The phrasing of the reason is unfortunate, IMO. It makes sense to migrate if a question is better suited to MSE; it doesn't necessarily make sense to migrate just because the question can be answered on MSE. In what follows, let me pretend that the wording "can be answered" has been changed to "better suited" since that may have been what was intended anyway.
Suppose that a question that is better suited to MSE gets asked on MO and is well-received. Does that mean it shouldn't be migrated? I'm not sure. Whether the question is well-received is an a posteriori criterion and I think that in general, we should be using a priori criteria to judge which site is more appropriate.
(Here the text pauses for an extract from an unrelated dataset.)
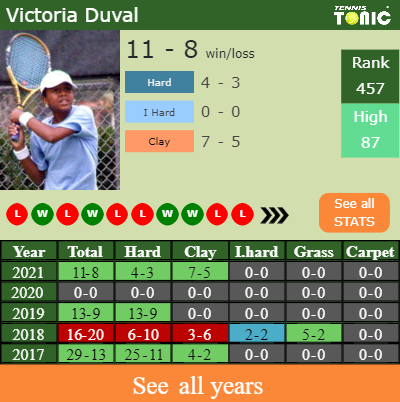 In terms of her career, Duval has an overall 144-100 record. She has a positive 84-60 record on hard.

Otherwise it tempts people to try to "game the system" and try their luck posting to a site that they kind of know is the wrong site.
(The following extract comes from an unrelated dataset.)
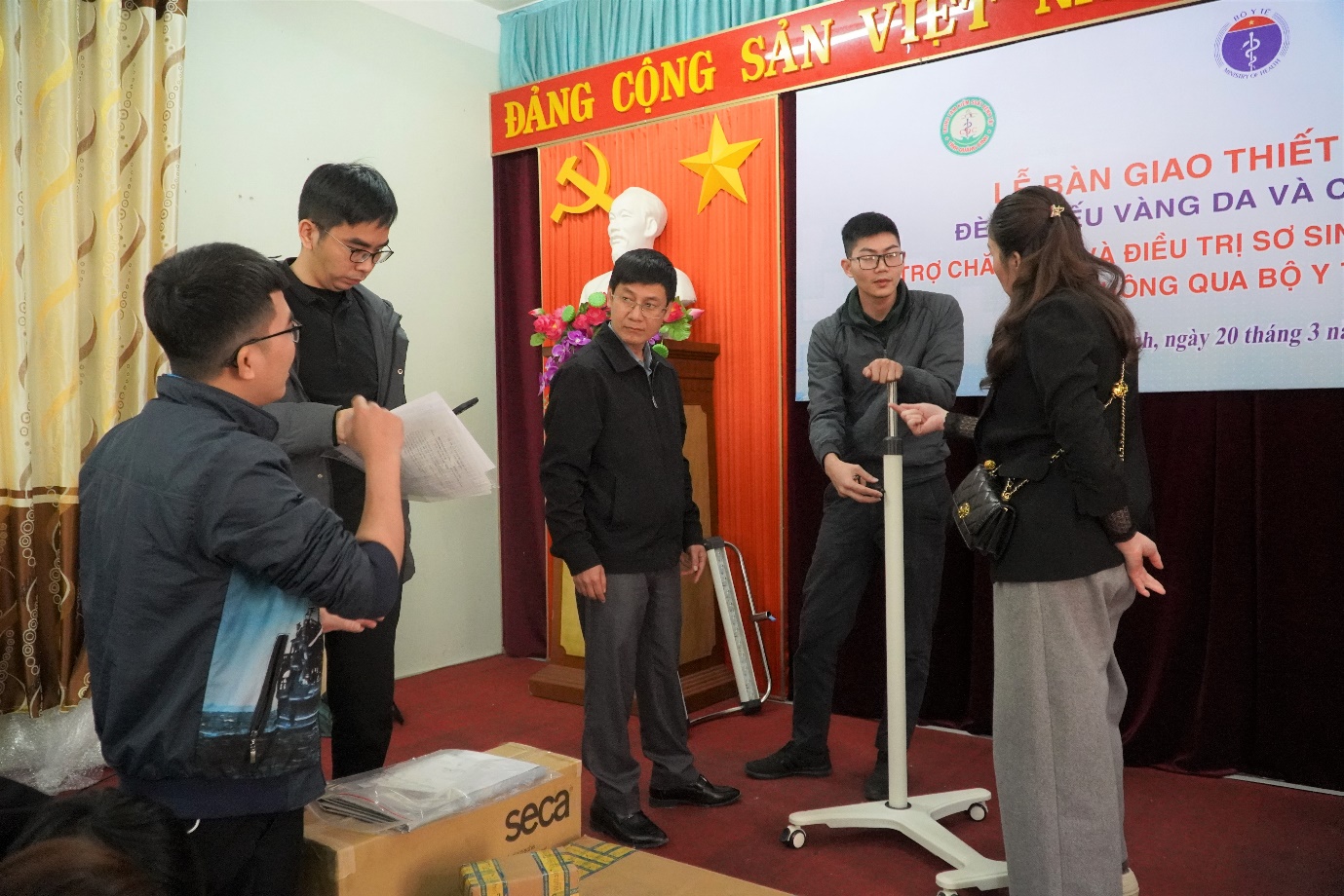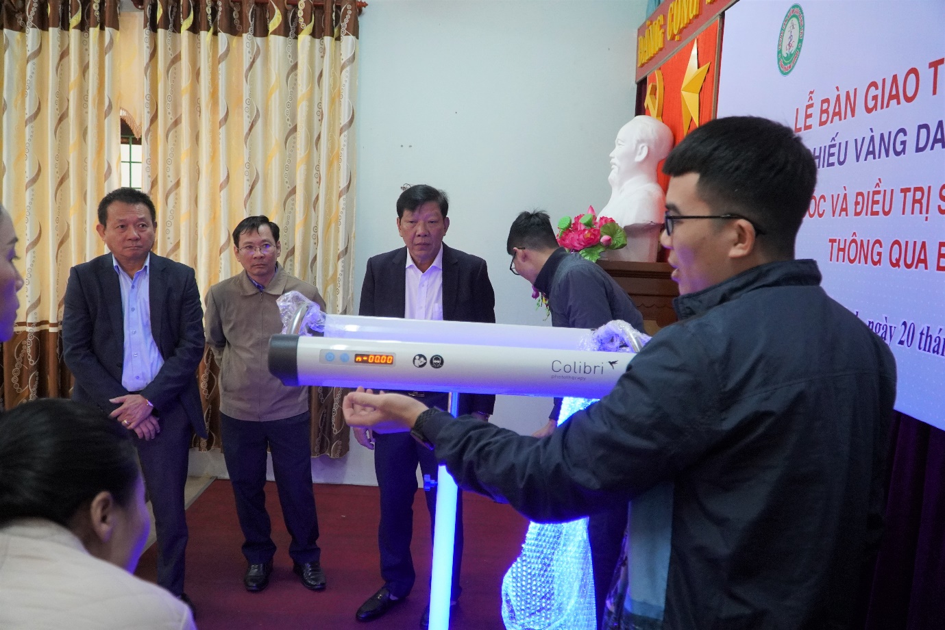 Ngay sau khi bàn giao, cán bộ kỹ thuật đã hướng dẫn lắp, sử dụng và vận hành đèn chiếu vàng da, cân sơ sinh cho cán bộ của các Bệnh viện và Trung tâm Y tế được hỗ trợ.

For the particular question under discussion, I think the point is that it's not clear that MSE is actually the better site. The question does have some flaws; as someone has pointed out, the asker should probably have done some Googling first, but these flaws just mean that the question should be improved (regardless of which site it is posted to), and don't really address the issue of which site is better. Andrés E. Caicedo's comment indicates that some version of the question could have been better suited to MO, but I'm not sure that the question as asked is better suited to MO.
I agree that migration can be disruptive and annoying. So I'd propose the following policy: if there is doubt about whether MO or MSE is more suitable, then leave it on MO; but if it's fairly clear that MSE is more suitable, then go ahead and migrate it even if the question is "well-received." (Of course, if the question has flaws, then those should be addressed, probably before any decision about migration is made.)